Le chiediamo se questo è ciò che si aspettava dalla vita. Alina risponde che è alla fine è meglio di quel che immaginava negli anni novanta quando era ancora un bambino. All’epoca aveva già capito di essere nata nel corpo sbagliato, e forse anche nel paese sbagliato. Non lo ammetterebbe mai pubblicamente, però.

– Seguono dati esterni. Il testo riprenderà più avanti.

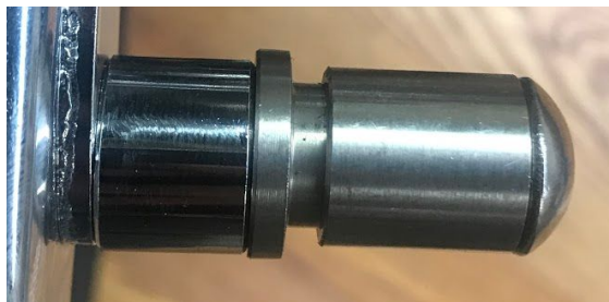
Stud mounted with 1/2" spacer

Replace the bolts in your strut with the new bolts one at a time, using blue thread locker. If there is a narrow plate behind your fender with an unthreaded hole at the rear, remove it and use the included nuts to attach the bolts (they are crimped jam nuts and may be difficult to start). If you have the nut plate with both holes threaded, you can use it instead of the nuts provided. In either case use thread locker to ensure they don't vibrate loose. Make sure the ends of the bolts stick out no more than 1/8" past the nut, or they may rub on the tire.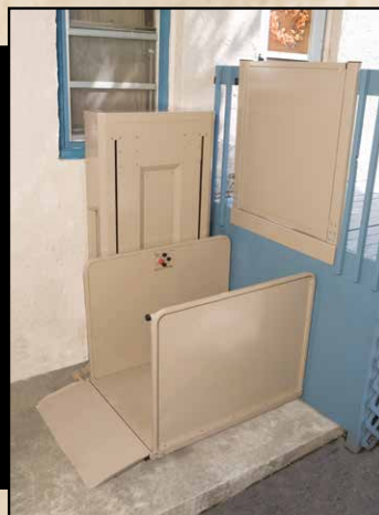
VERTICAL PLATFORM LIFT Model VPL-3100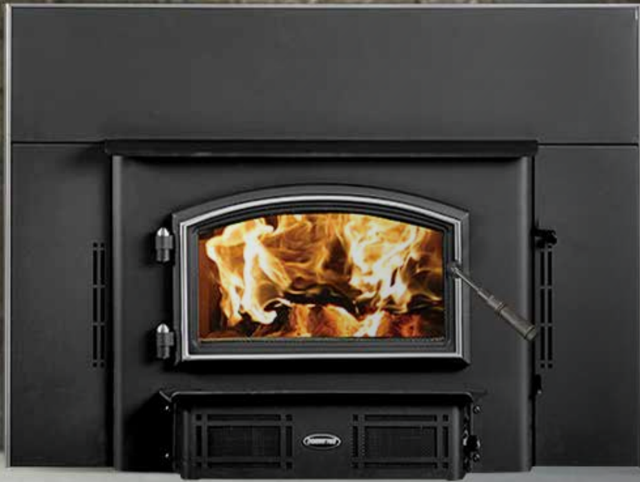
2700 INSERT WITH METAL SURROUND AND SATIN NICKEL TRIM KIT, AND SATIN NICKEL ARCHED DOOR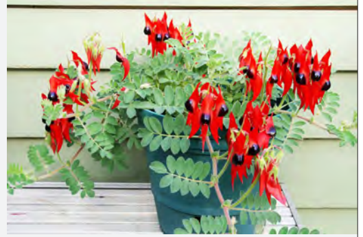
Sturt Pea, Swainsona formosa thriving in a waterwell pot.

Swainsona formosa is the floral emblem of South Australia and is found growing in the low rainfall desert areas of that state, although it is known to cross the border into WA and NSW. It is best grown in a container from seed; Charles suggested that the seed germinates successfully if covered in hot water (not boiling) and soaked overnight. Use good well-drained potting mix as they like to be moist but not wet and don't water onto the leaves. They also respond well to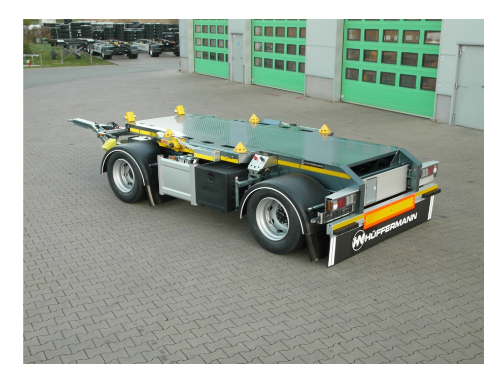
OPTIONAL: Für einen Absetzbehälter mit geschlossenem Boden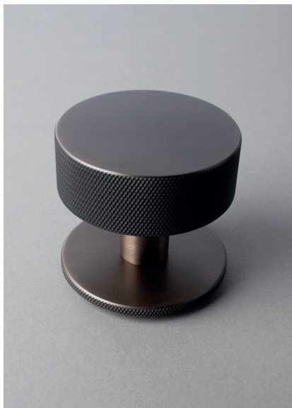
CENTRE DOOR KNOBS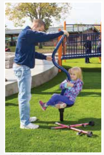
MOTION: Swift Twist Spinner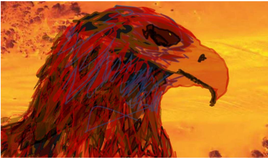
3. Karak (Black Cockatoo)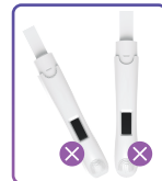
Fig.5 Never hold the test with the absorbent tip pointing upwards after sample addition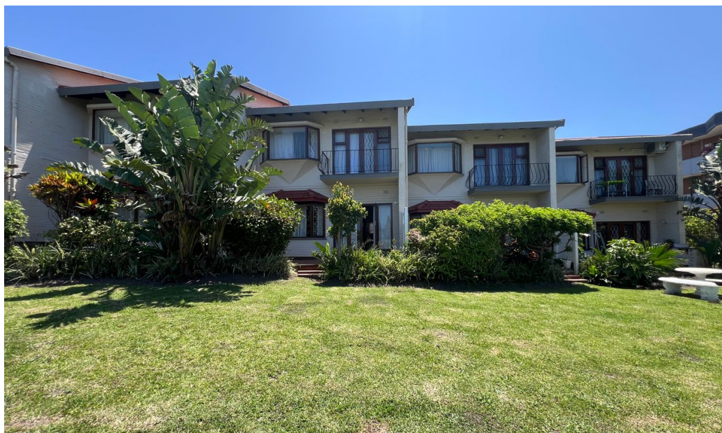
Web Ref RL1817

No 1 Bank Street (Corner Bank Street and Marine Drive) Margate KwaZulu Natal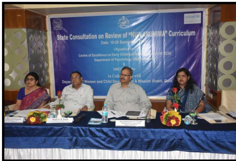
Workshop on revision of curriculum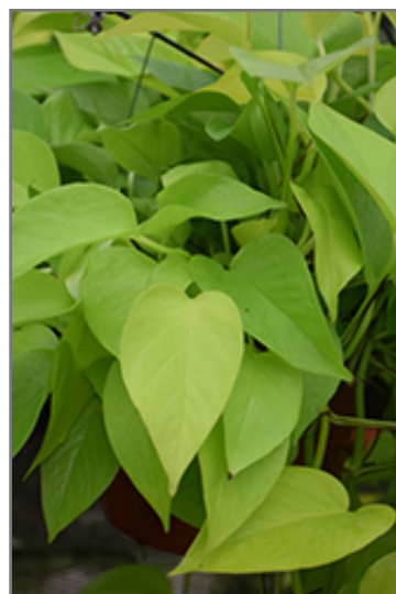
Neon Pothos foliage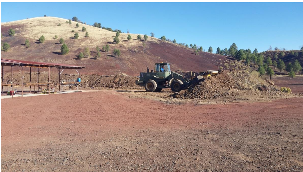
Mound behind firing ramadas that limited parking is going, going.....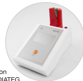
insulation tester DIATEG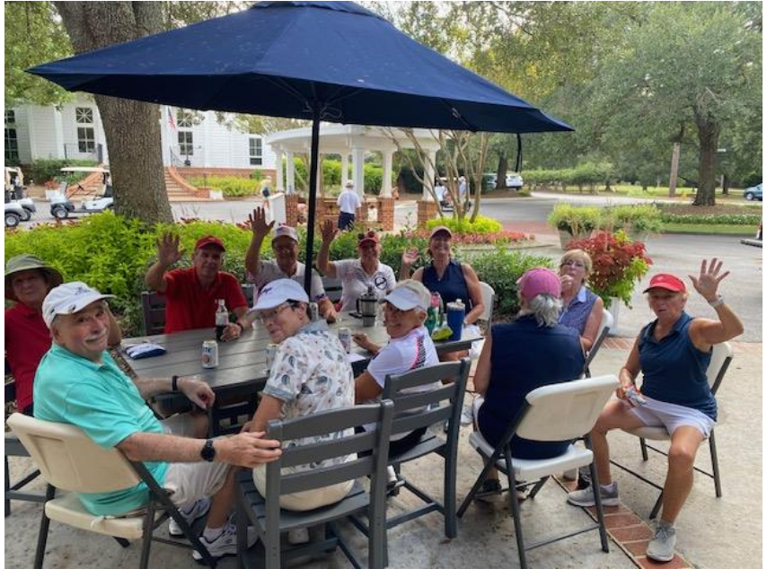
2923 Golf Tournament at The Reserve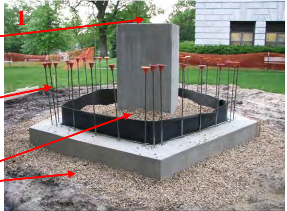
The foundation for the pentagon is ready for masonry.

River rock fill has been installed in the middle of the memorial and around the perimeter of the concrete frost walls.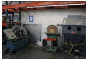
Cutting & Abrasive Station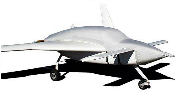
Velocity Canopy/Nose/Engine Cover

water resistance, UV resistance and anti-static buildup. The inner lining is a very soft and smooth microfiber to prevent scratching. The material is very reflective, and tests show that the cabin interior temperature can be reduced to near-ambient temperature on the hottest of days. It is water, ice and snow repellent, yet breathable to allow moisture to escape from between the cover and the aircraft surface.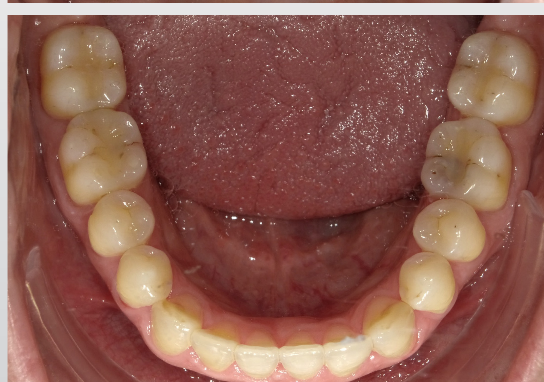
Occlusal – mandibular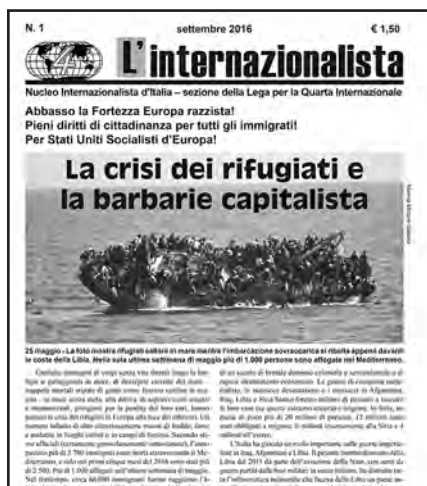
L'Internazionale, newspaper of the Nucleo Internazionalista d'Italia

«Hai sentito dei trattamenti psichiatrici punitivi? Questo è tutto ciò che c’era per me in una piccola cittadina. Ero troppo terrorizzata per parlare. Era già abbastanza duro sopportare il fatto che il mio patrigno mi picchiasse senza ragione. La prima volta che realizzai di non essere l’unica al mondo in questa condizione fu all’inizio del millennio, quando lessi una pubblicità per il cambiamento di sesso in una rivista per adolescenti».
È difficile trovare lo spirito di una comunità LGBTQ in Bielorussia. Alina parla in termini negativi degli unici due gruppi esistenti, offesa dal fatto che non sanno come aiutarla. Questo è un limite che riguarda molte associazioni attive nella difesa dei diritti umani in Bielorussia. Dovendosi barcamenare tra lotte individuale e rivendicazioni personali per così tanto tempo, le persone non hanno voglia di unirsi per combattere per una causa comune.
In Bielorussia non importa se sei transessuale, protestante o suoni in un gruppo alternativo. In un regime che calpesta l’individualità, ogni tentativo di essere fedeli a sé stessi è un atto di sfida. Se giochi secondo le regole di Lukashenko, c’è sempre la possibilità che lo stato ti lasci stare. Alina ha fatto una scelta coraggiosa: vivere la sua vita restando fedele a sé stessa. Nel fare ciò, ha raggiunto una libertà diversa e più profonda di coloro che scelgono la via del conformismo.
Nonostante questo, il suo coraggio non annulla la paura. «Sono terrorizzata dall’iniziare una relazione- confessa- se riuscissi a convincere qualcuno che sono veramente una donna e per caso scoprisse la verità, non mi picchierebbero. Mi ucciderebbero».